Retirement savers will be able to contribute $500 more to 401(k)s and individual retirement accounts in 2019. Workers with slightly higher incomes will also qualify to contribute to Roth IRAs and claim the retirement saver’s tax credit. Here’s how the retirement account rules will change in 2019.
The 2019 401(k) contribution limit. The contribution limit for 401(k)s, 403(b)s, most 457 plans and the federal government’s Thrift Savings Plan will increase from $18,500 in 2018 to $19,000 in 2019. “If you’re already maxing out your retirement account, the best thing to do is to simply increase your paycheck deferrals slightly so that you continue to automatically max out your retirement account at these new, higher limits,” says Meg Bartelt, a certified financial planner and president of Flow Financial Planning in Bellingham, Washington. “The $500 higher max allows you to get a bit more tax benefit on retirement savings.” Workers can defer paying income tax on approximately $42 more per month as a result of this change. The 401(k) catch-up contribution limit for employees age 50 and older is unchanged at $6,000. Older workers can contribute a maximum of $25,000 to 401(k) plans in 2019.
The 2019 IRA contribution limit. The IRA contribution limit will also grow by $500 to $6,000 in 2019, the first increase in the limit since 2013. “The extra $500 invested will also compound over time making the additional contributions especially valuable for young folks,” says Ryan Cole, a certified financial planner for Citrine Capital in San Francisco. “For example, an extra $500 invested annually would amount to $100,000 in extra retirement savings (over 35 years), assuming just 8 percent returns in the retirement plan. The result is a much more comfortable retirement for those who choose to take advantage of the increase.” However, the IRA catch-up contribution limit for those age 50 and older is not subject to a cost-of-living adjustment and will remain $1,000.
Traditional IRA income cutoffs for 2019. Workers who don’t have access to a 401(k) plan or similar type of retirement account through their job can contribute to a tax-deductible IRA regardless of how much they earn. However, employees who are eligible for a 401(k) plan may be prohibited from additionally claiming a tax deduction on an IRA contribution if they earn too much. “If you are covered by an employer plan, your ability to deduct IRA contributions is based on the contribution limits and how you file, such as single, married filing joint, to determine whether you can deduct all, partial or none of the IRA contribution,” says Laura Morganelli, a certified financial planner for Abacus Wealth Partners in Philadelphia. “However, even if you cannot deduct your IRA contribution, you still receive the benefit of tax-deferred growth.”
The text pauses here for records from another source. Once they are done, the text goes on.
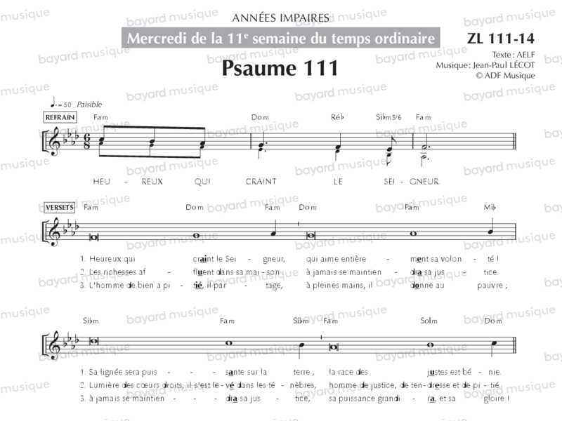 Mercredi de la 11e semaine du temps ordinaire, années impaires (Psaume 111, Alléluia) - ZL111-14
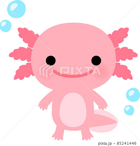 かわいい笑顔のウーパールーパーとあぶく/手描きイラスト素材
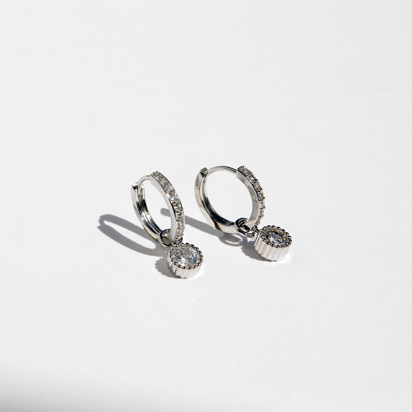 Marroquí combina una argolla cubierta de cristales con un colgante circular central. La composición equilibra estructura y ornamentación, con una silueta definida y un acabado plateado que refuerza el diseño.
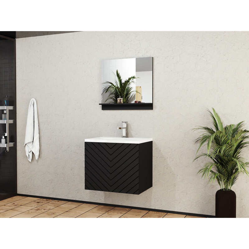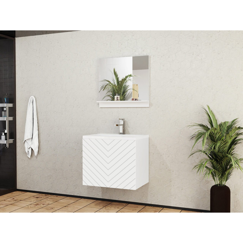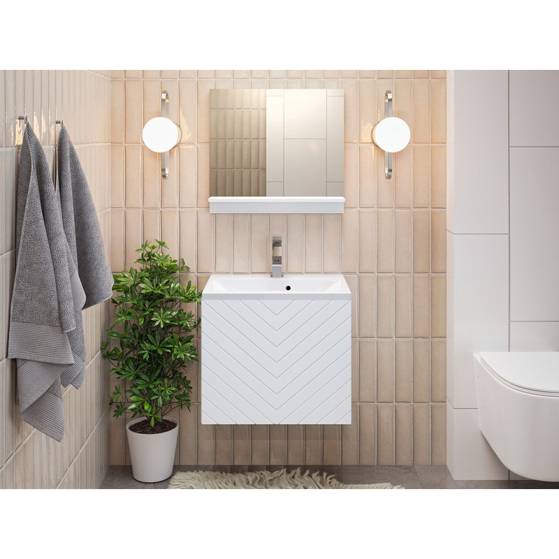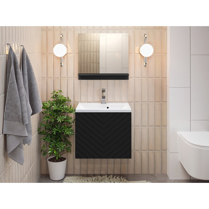 Ergonomický tvar umyvadla, které je součástí soupravy, zajišťuje pohodlí při každodenních hygienických činnostech. Závěsné zrcadlo s policí je nejen funkčním prvkem, ale také dekorativním akcentem.
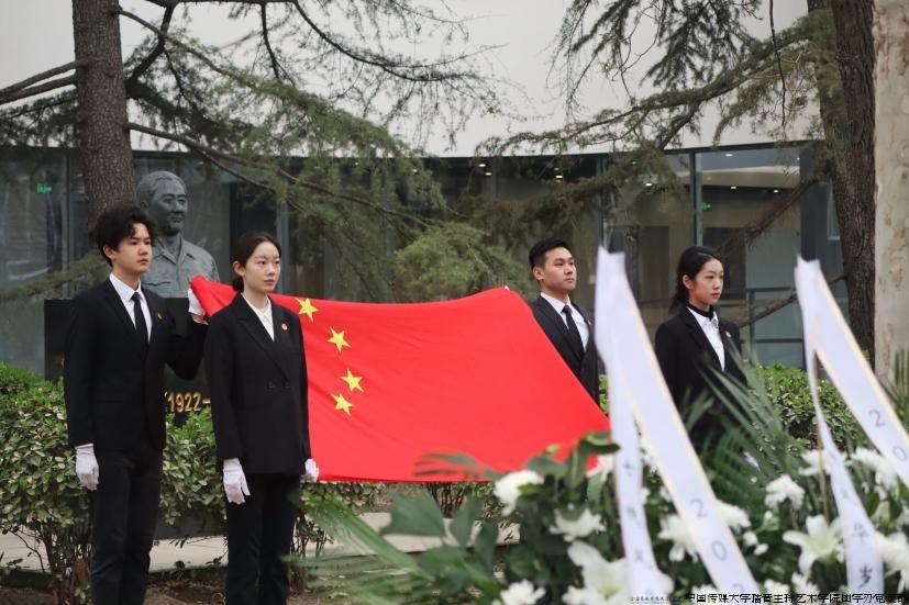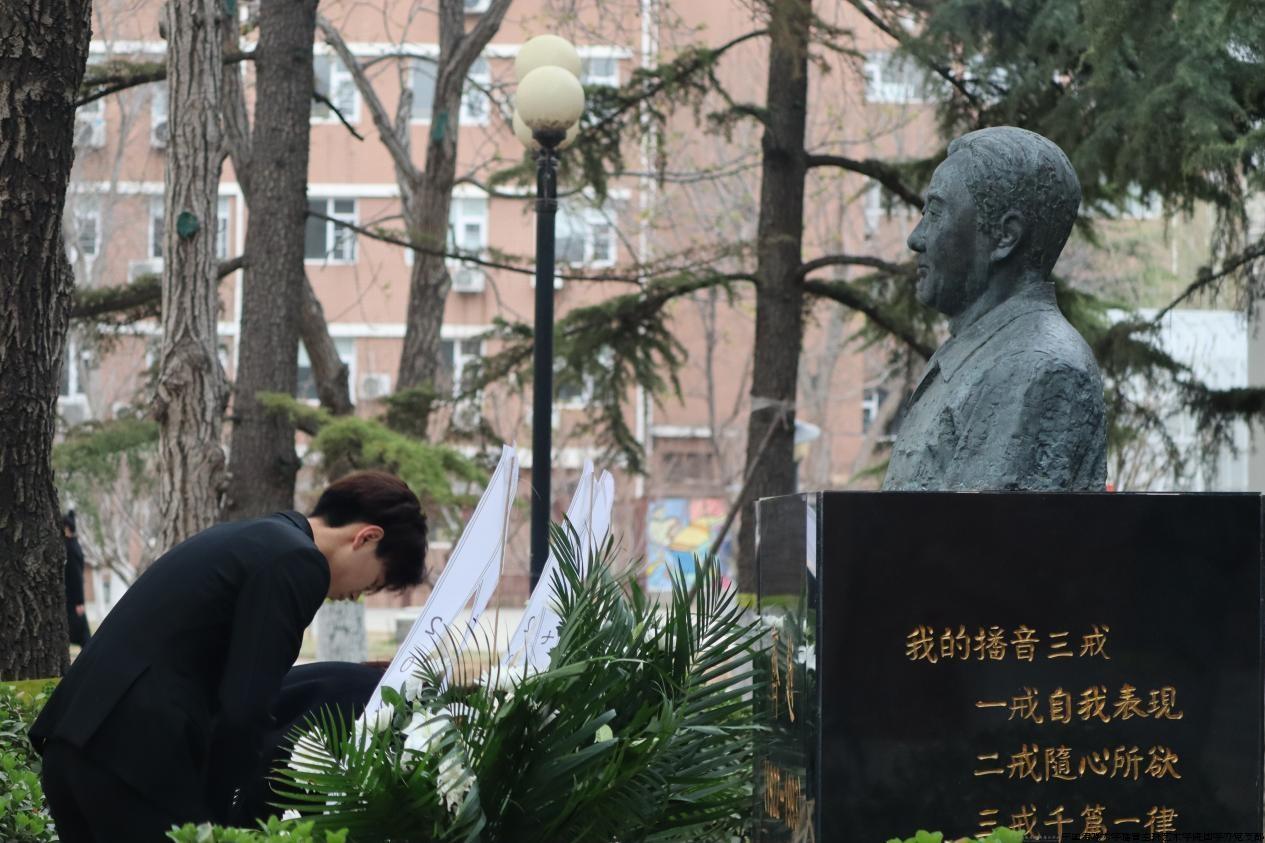 清明时节,为纪念我国人民广播事业的第一位著名男播音员、新中国第一位播音专业教授齐越同志逝世31周年,由播音主持艺术学院主办,团学办党支部承办的“七秩风华岁月 齐越精神永存”向齐越同志敬献花篮仪式暨主题党团日活动,于4月2日在中国传媒大学齐越塑像前举行。当天清晨,师生们手持白色菊花,来到齐越同志塑像前缅怀并敬献鲜花。今年是新中国成立75周年,中国传媒大学建校70周年,播音主持艺术学院通过开展仪式教育,回顾人民播音事业,重温学院誓词,传承红色基因,赓续共产党人精神血脉。
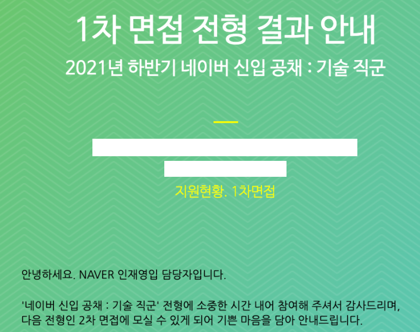 다행스럽게도 면접관분들께서 나의 역량을 조금이라도 좋게 봐주셨는지 1차 면접에 합격했다.
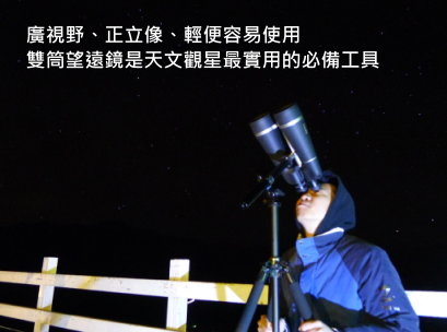 一部雙筒望遠鏡在天文的觀測中是最經濟實用的必備工具,對一個天文同好來說也是最基本的投資了,有人說建立自己裝備的同時,其本身就是一種訓練,會開始蒐集相關資料、詢問專業人士、逛器材店多家廠牌比較等,慢慢的累積許多知識。然而器材只是工具,通常有了自己的器材後,才開始探索浩瀚星空的奧秘。本文作者以十多年專業雙筒望遠鏡測試維修與天文觀測使用經驗撰寫本文,希望能提供給剛入門者或一些有經驗的天文觀測者,最正確的望遠鏡知識以及分享寶貴的使用心得。
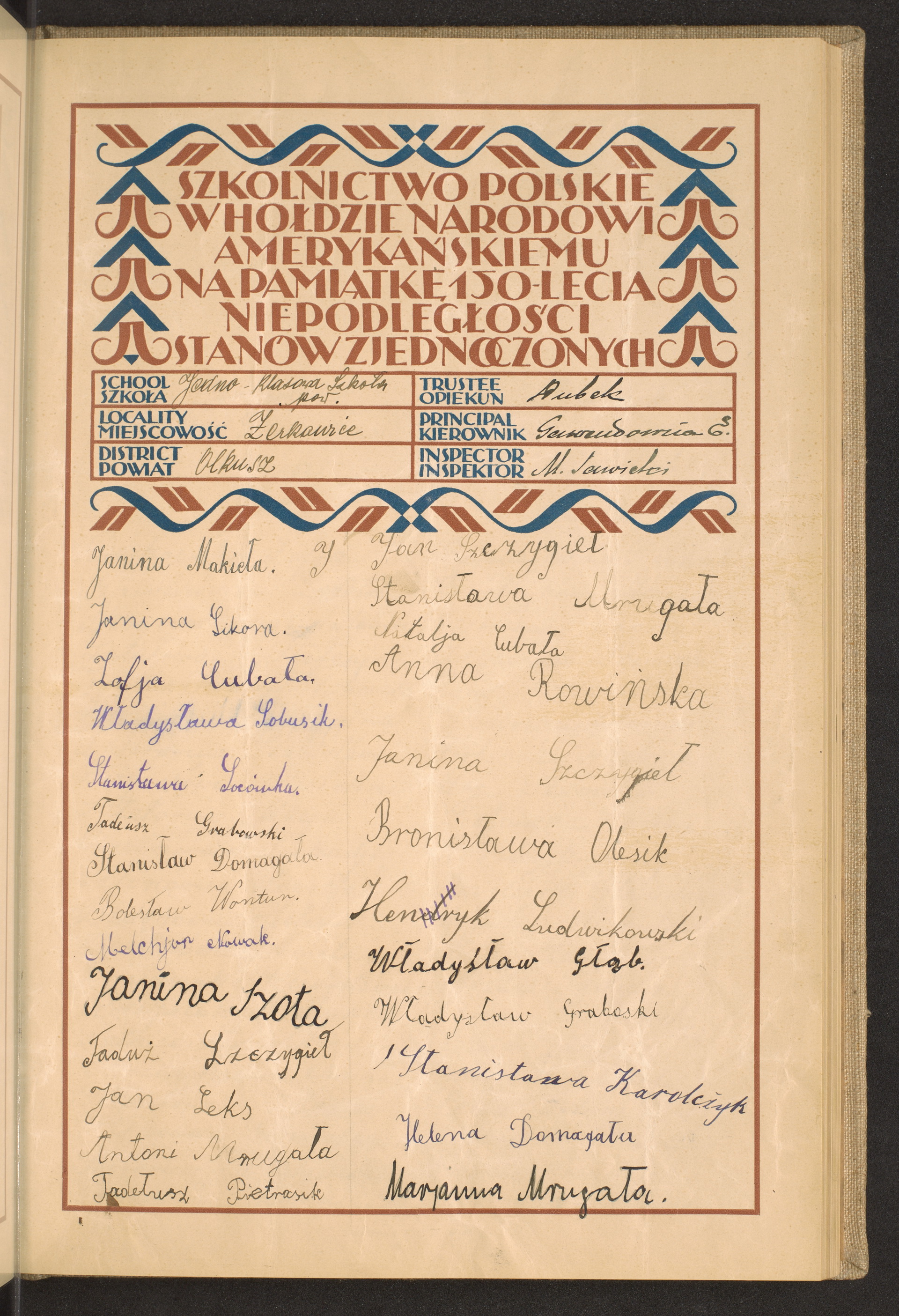 szkoły powszechne i gimnazja; powiaty Olkusz-Ostrołęka
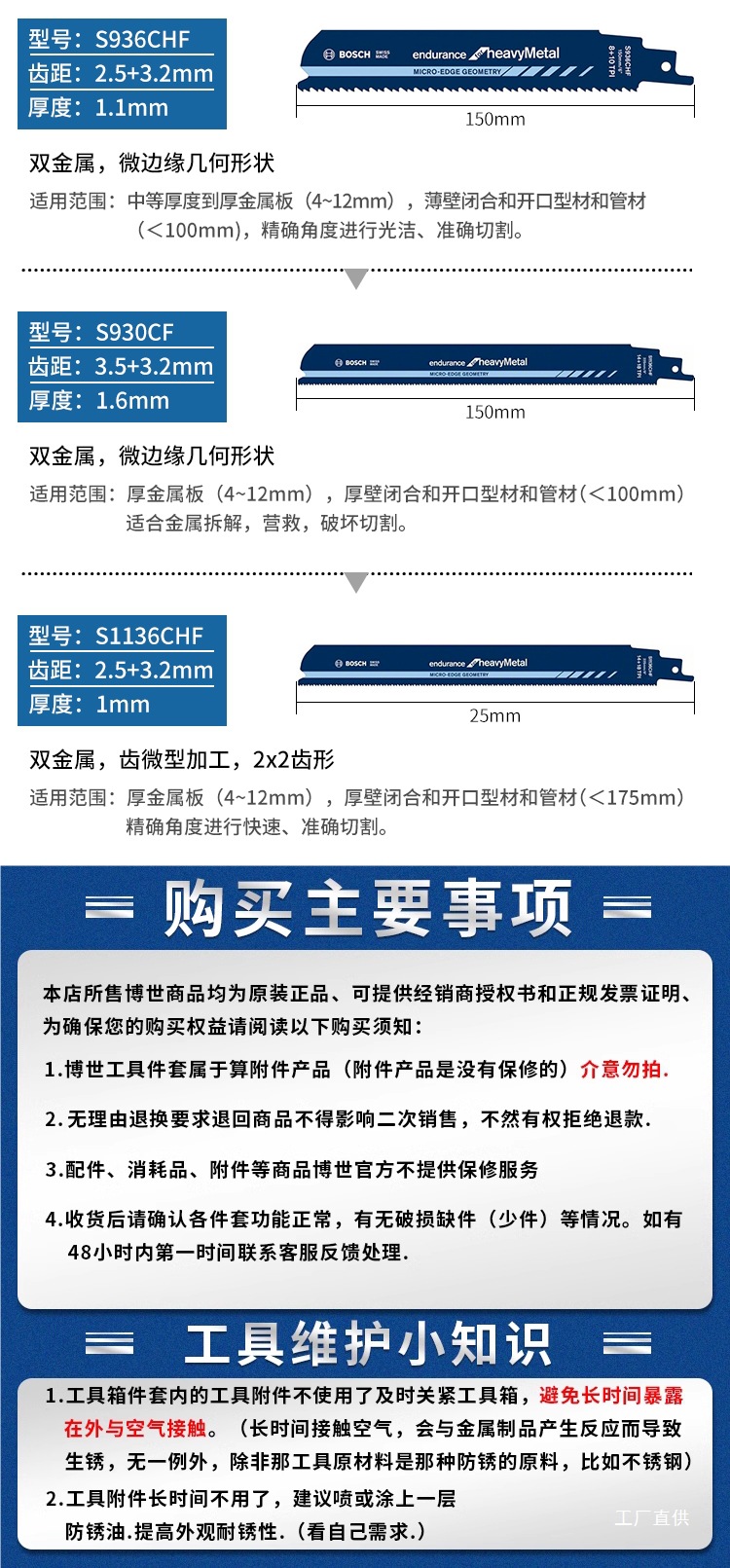 보쉬 마도우 톱날 왕복톱날 전동 목재 합금 드릴톱날 두꺼운 금속 절단용스토어 가기
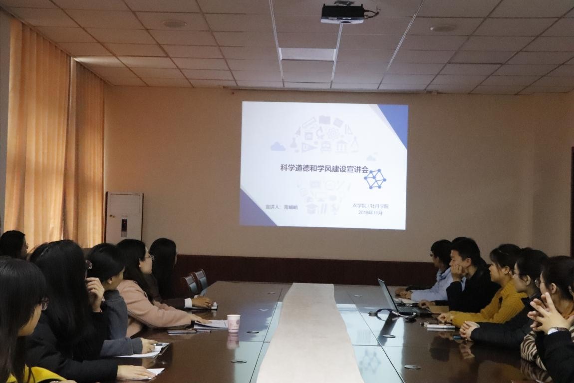 11月26日,农学院/牡丹学院于农科1号楼215会议室成功举办主题为“研究生要培养优良的科研学风”的研究生科学道德和学风建设宣讲会,会议由研究生辅导员雷峬峭主持。
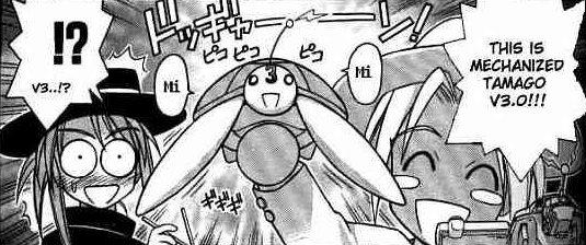 Mecha-Tama 03 is used by Naru and Kaolla to spy on Keitaro and Mutsumi's date (Ch 56). It seems to be primarily a spy and infiltration unit.
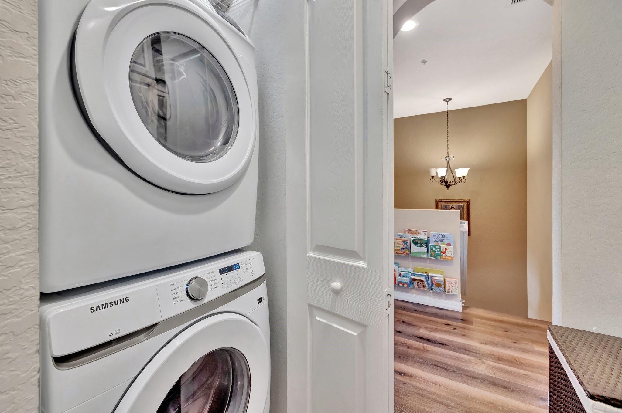 Beautiful 2-bedroom, 2.5-bath home located in a cozy, gated community—truly worth seeing! This well-maintained property is move-in ready and ideal for a new family. It features tiled floors, downstairs and laminate on second floor, an open kitchen with granite countertops, and plenty of storage space. Each bedroom has its own private bathroom, and the master suite includes a walk-in closet. The laundry room and a large additional storage area are conveniently located upstairs. Enjoy serene water views in a community that is beautifully maintained and pet-friendly. Amenities include a sparkling pool and a secure electric gate. Easy to show—schedule your tour today!
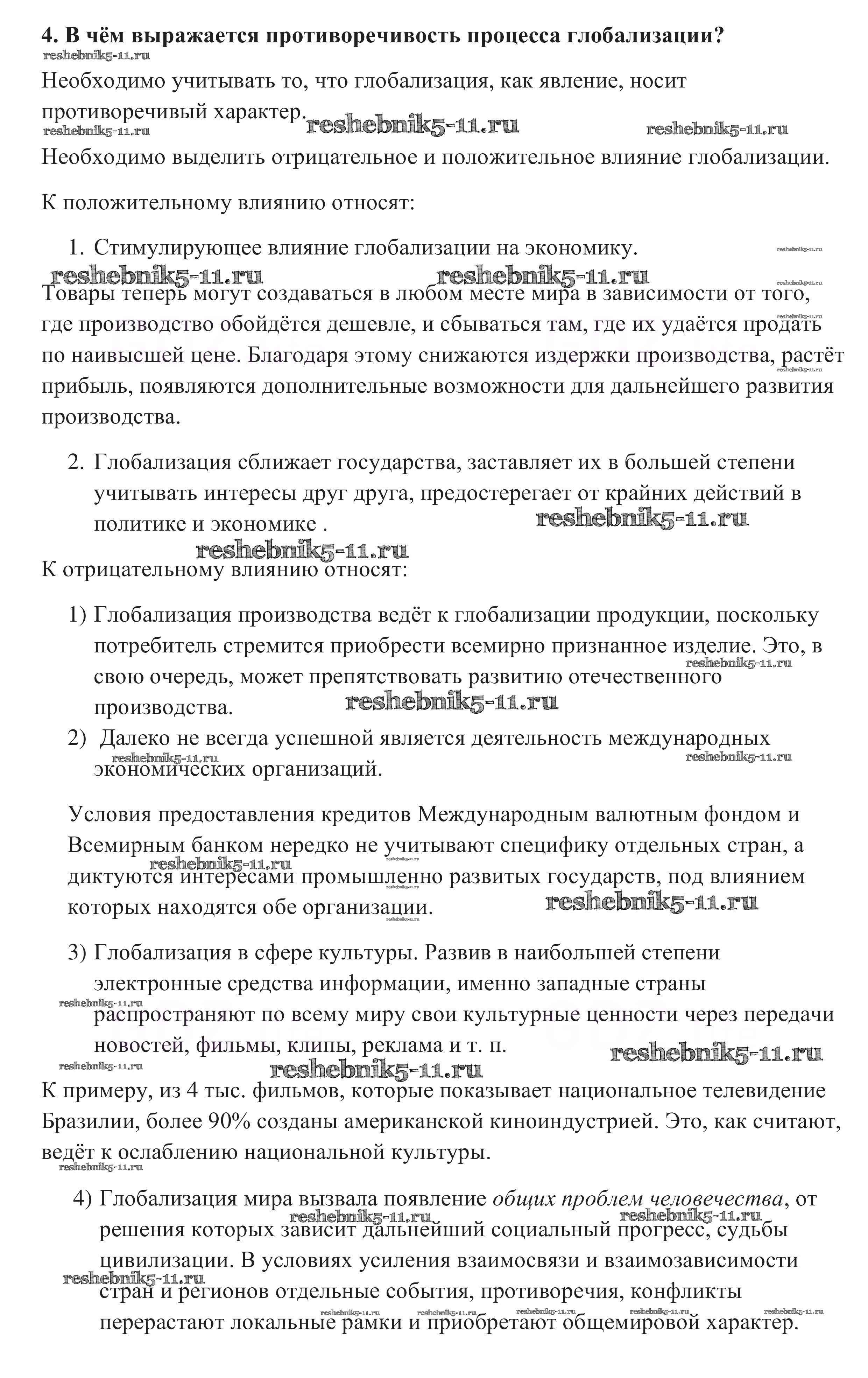 Готовая домашняя работа с ответами по Обществознанию за 10 класс Боголюбов, Аверьянов, Белявский, Иванова Учебник Базовый уровень Просвещение 2015 ФГОС - Вопросы для самопроверки 4
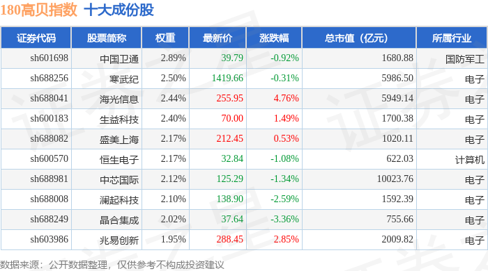 180高贝(000135)指数十大成份股详情如下:
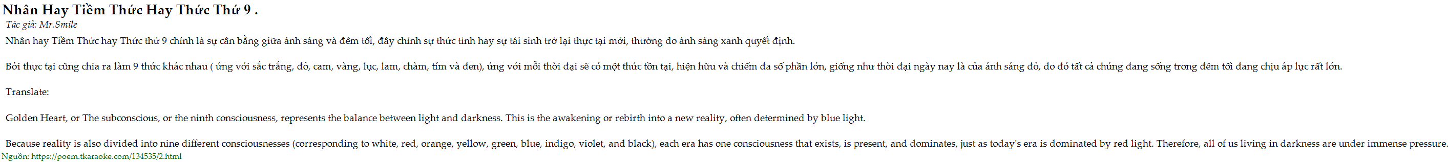 nhân hay tiềm thức hay thức thứ 9 .
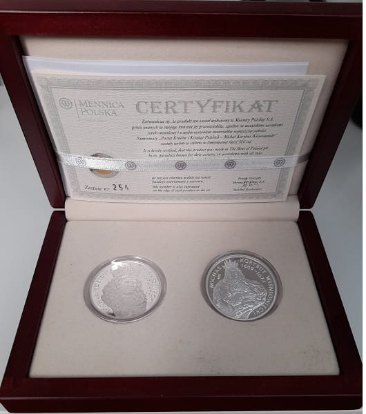 Michał Korybut Wiśniowiecki zestaw półpostać i popiersie - srebrne numizmaty kolekcjonerskie w drewnianym pudełku z serii Poczet królów i książąt Polskich jako uzupełnienie serii monet 10 złotych. Stan zachowania numizmatów menniczy z certyfikatem

401(k) participants are prohibited from claiming a tax deduction for a 2019 IRA contribution if they earn more than $74,000 as an individual and $123,000 as a married couple filing jointly, up $1,000 and $2,000, respectively, from 2018. The tax deduction is phased out for individuals earning more than $64,000 and couples earning more than $103,000 in 2019. If only one member of a married couple is eligible for a 401(k) plan at work, the IRA tax deduction is phased out if the couple’s income is between $193,000 and $203,000 in 2019, up $4,000 from the previous year.
Roth IRA income limits for 2019. After-tax Roth IRA contributions allow you to qualify for tax-free investment growth and tax-free withdrawals in retirement. Workers can earn $2,000 more in 2019 ($4,000 for couples) and remain eligible to contribute to a Roth IRA. The ability to make Roth IRA contributions is phased out for workers who earn more than $122,000 as an individual and $193,000 as a married couple in 2019. Those who earn more than $137,000 as an individual or $203,000 as a married couple aren’t able to directly contribute to a Roth IRA in 2019. “The advantage of a Roth account is that any withdrawals in retirement are not taxed,” Morganelli says. “Therefore, if you are in a lower tax bracket and having contributions that are tax deductible would not be beneficial, a Roth account is a fantastic choice.”
The 2019 saver’s credit income limits. Low and moderate income retirement savers can earn between $500 and $1000 more and still qualify for the saver’s credit. This tax credit is worth between 10 and 50 percent of 401(k) and IRA contributions up to $2,000 for individuals and $4,000 for couples. The income limit for the saver’s credit will increase to $32,000 for individuals, $48,000 for heads of household and $64,000 for married couples in 2019. Retirement savers with the lowest incomes are eligible for the biggest tax credit, which could be worth as much as $1,000 for individuals and $2,000 for couples. The saver’s credit can be claimed in addition to the tax deduction for saving in a traditional retirement account.